Fructose increases lipid accumulation and USP2 expression in primary hepatocytes. (A) The cell experiment flowchart; (B) The TG content of primary hepatocytes; (C) The Lipi-Red staining of primary hepatocytes (magnification 200×), the bottom panel figures are amplification of the upper panel; (D) The ORO staining of primary hepatocytes (magnification 200×), the bottom panel figures are amplification of the upper panel; (E) The levels of IL-1β, IL-6, and TNF-α in the culture medium of primary hepatocytes; (F) The immunofluorescence for USP2 in primary hepatocytes (magnification 100×); (G) Relative mRNA level of Usp2 gene in primary hepatocytes; (H) Protein blotting of USP2 in primary hepatocytes. The quantification data are presented as mean ± SD. ^*p<0.05, ^**p<0.01, ^***p<0.001.

 Figure 5 

Fructose induces hepatocyte steatosis and inflammation via USP2 in primary hepatocytes. (A) The cell experiment flowchart of Usp2 overexpression in primary hepatocytes; (B) The mRNA expression of Usp2 gene in primary hepatocytes; (C) The Lipi-Red staining (magnification 200×) of Usp2-overexpressed primary hepatocytes, the bottom panel figures are amplification of the upper panel; (D) The ORO staining (magnification 100×) of Usp2-overexpressed primary hepatocytes, the bottom panel figures are amplification of the upper panel; (E) The TG content of Usp2-overexpressed primary hepatocytes; (F) The levels of IL-1β, IL-6, and TNF-α in the culture medium of Usp2-overexpressed primary hepatocytes; (G) The cell experiment flowchart of Usp2 knockdown in primary hepatocytes; (H) The mRNA expression of Usp2 gene in primary hepatocytes; (I) The Lipi-Red staining (magnification 200×) of Usp2-knockdowned primary hepatocytes, the bottom panel figures are amplification of the upper panel; (J) The ORO staining (magnification 100×) of Usp2-knockdowned primary hepatocytes, the bottom panel figures are amplification of the upper panel; (K) The TG content of Usp2-knockdowned primary hepatocytes; (L) The levels of IL-1β, IL-6, and TNF-α in the culture medium of Usp2-knockdowned primary hepatocytes. The quantification data are presented as mean ± SD. ^*p<0.05, ^**p<0.01, ^***p<0.001.
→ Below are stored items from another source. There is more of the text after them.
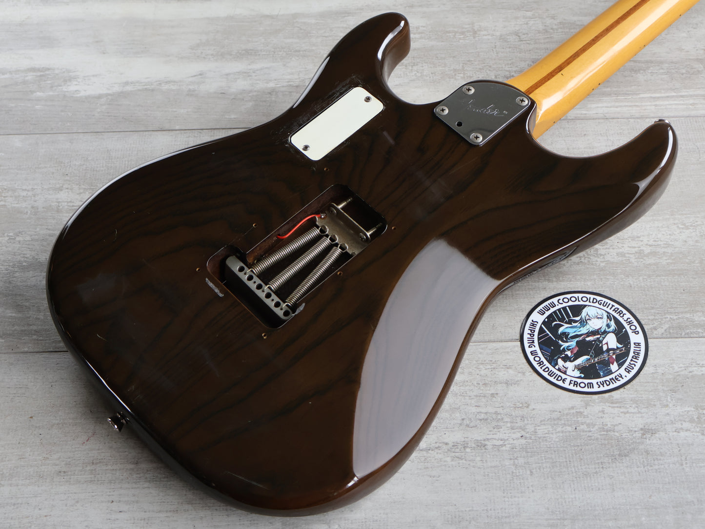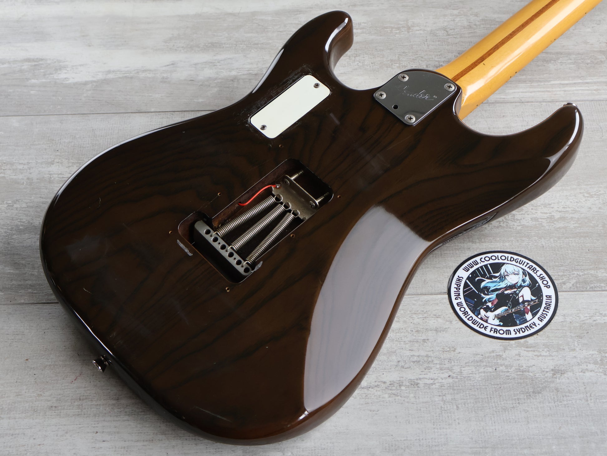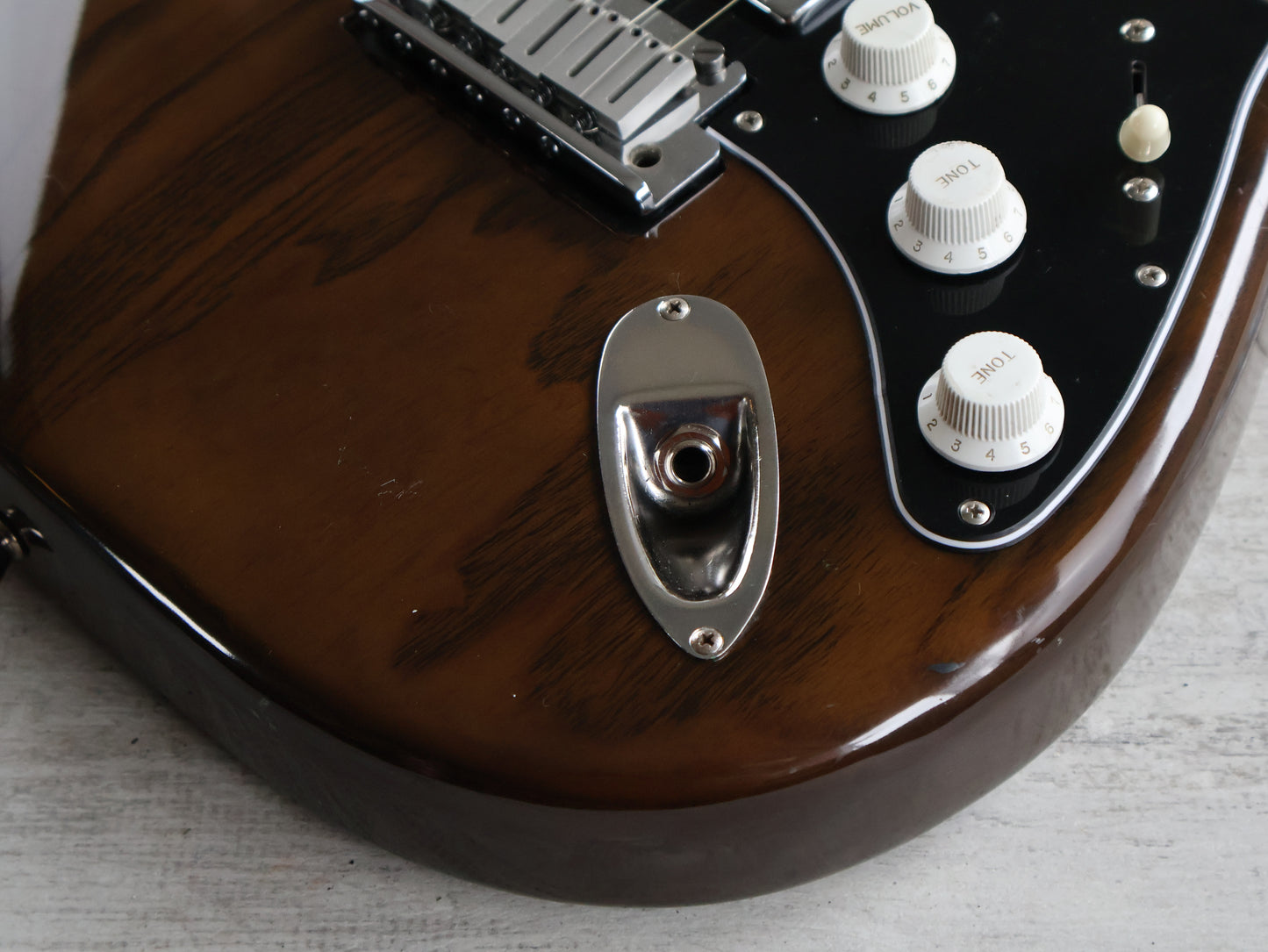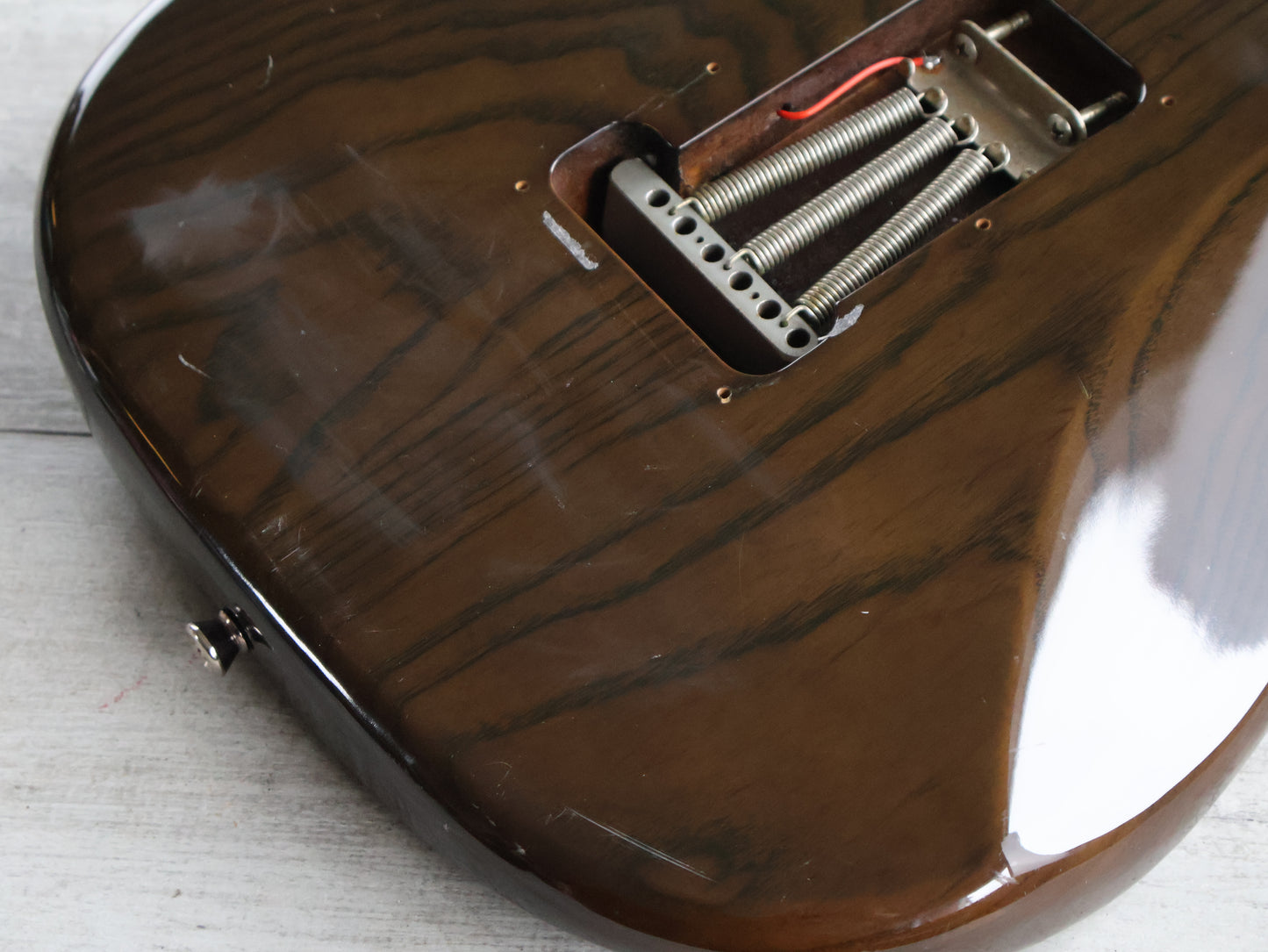 Ash body with a transparent brown finish bolted to a satin feel birds-eye maple neck (22 frets, 648mm scale length, 10" radius, 43.5mm nut width), it weighs 4.1kg's. Factory loaded with an "American Standard" bridge system and roller nut along with the original Gotoh tuners. The previous owner appears to have removed the original pickups/wiring and installed a standard unbranded HSS Stratocaster loadout.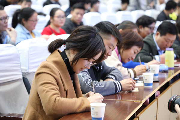 “业精于勤,荒于嬉。”在主持人的倡导下,现场师生诵读国学经典,感悟中华美德的真谛与内涵。品德环节,与会人员争相发言,结合张龙老师的主题宣讲内容分享了自己的感受和体会。传德环节,大学生艺术团表演了歌舞《我们都是追梦人》,澳门十大网投平台排行学子向张龙老师敬献鲜花以表达谢意和敬意。润德环节,与会人员将现场亲笔书写的留言卡投入爱心箱中。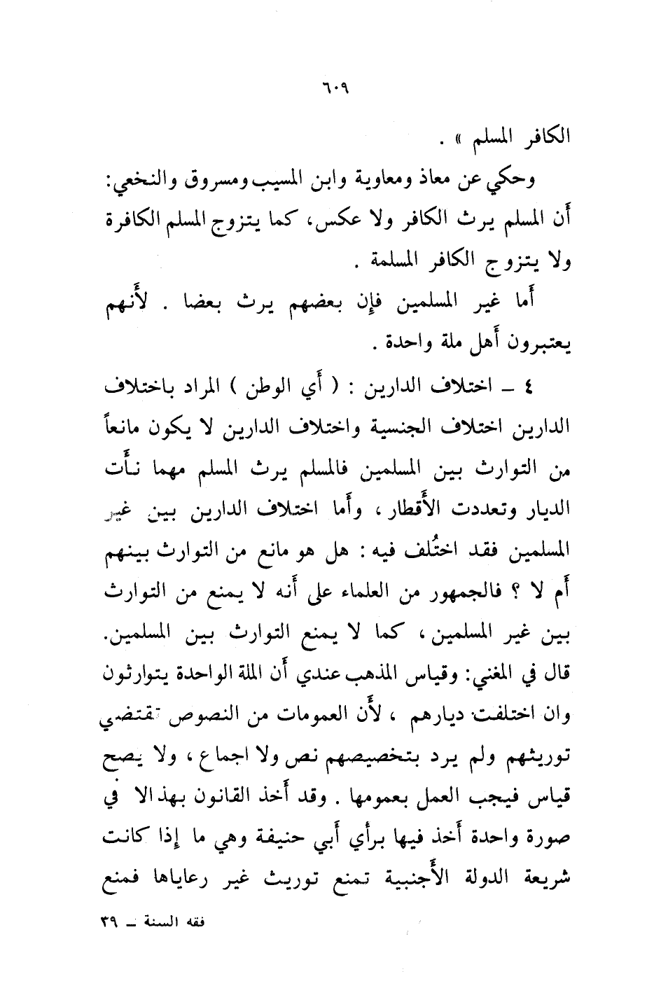 أما غير المسلمين فإن بعضهم يرث بعضا.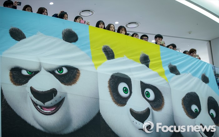 (서울=포커스뉴스) 20일 오후 서울 영등포구 타임스퀘어에서 열린 할리우드 애니메이션 '쿵푸팬더 3' 레드카펫 행사에 자리한 시민들이 행사 시작을 기다리고 있다.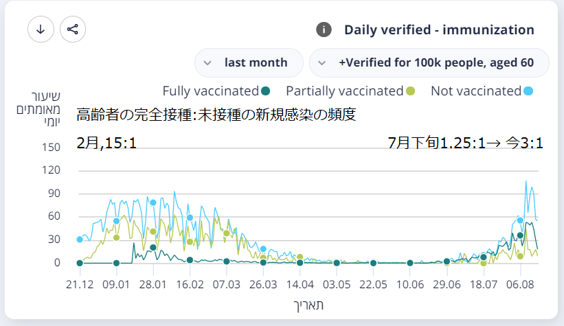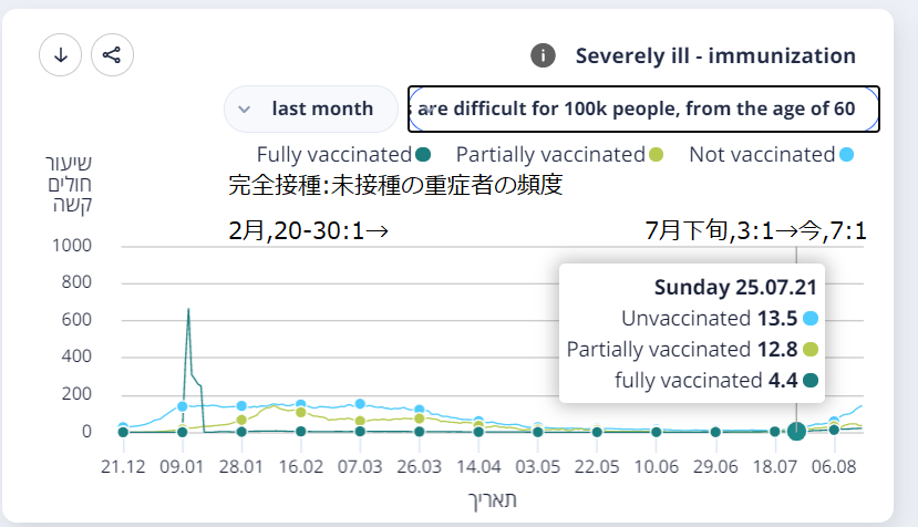 同じ人数の高齢完全接種者と高齢未接種者の中の重症者の頻度は2月には25:1程だったのが7月下旬に一時3:1程まで縮まりまた7:1程まで回復(図2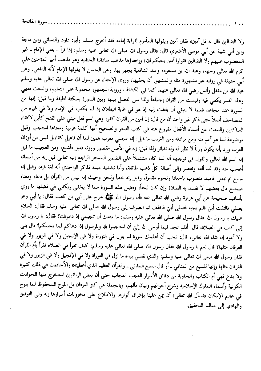 والأحاديث في ذلك كثيرة ولا بدع فهي أم الكتاب والحاوية من دقائق الأسرار العجب العجاب حتى أن بعض الربانيين استخرج منها الحوادث الكونية وأسماء الملوك الإسلامية وشرح أحوالهم وبيان مآلهم، وبالجملة هي كنز العرفان بل اللوح المحفوظ لما يلوح في عالم الإمكان «نسأل الله تعالى» أن يمن علينا بإشراق أنوارها والاطلاع على مخزونات أسرارها إنه ولي التوفيق والهادي إلى معالم التحقيق.

The function of USP2 is dependent on C/EBPα/ 11β-HSD1

Previous research indicates that USP2 stabilizes C/EBPα, potentially leading to the upregulation of 11β-HSD1 expression in hepatocytes, which catalyzes the regeneration of active glucocorticoids^{16, 17, 28-31}. C/EBPα is a potent transcriptional factor of 11β-HSD1 in the liver, and activation of the USP2/ C/EBPα/ 11β-HSD1 signaling may account for fructose effects on MASLD (Fig. 6A). We detected the potential downstream molecules of USP2 in primary hepatocytes treated with fructose, the expression of C/EBPα (C/ebpα) and 11β-HSD1 (Hsd11b1) was significantly increased both at mRNA (Fig. 6B&C) and protein level (Fig. 6D). However, the expression of C/EBPα and 11β-HSD1 was not statistically different between FFA-treated cells and control cells (Fig. 6B-D), suggesting the activation of C/EBPα and 11β-HSD1 signaling specifically occurred in fructose-treated cells. Additionally, we observed the same trend of changes in AML12 cells (Fig. S7A-C). Hepatocytes with Usp2 overexpression showed aggressive lipid accumulation and secretion of inflammatory cytokines (Fig. 5C-F), and the expression of C/EBPα (C/ebpα) and 11β-HSD1 (Hsd11b1) was also increased (Fig. 6E&F) upon fructose challenge. In contrast, Usp2-knockdown induced improvement of steatosis and inflammation (Fig. 5I-L), and downregulation of C/EBPα (C/ebpα) and 11β-HSD1 (Hsd11b1) expression in these cells (Fig. 6G&H). Consistent results were obtained in FFr-challenged AML12 cells with Usp2 overexpression or knockdown (Fig. S7D-G). Hence, we concluded that USP2 regulates steatosis and inflammation depending on the C/EBPα/ 11β-HSD1 pathway.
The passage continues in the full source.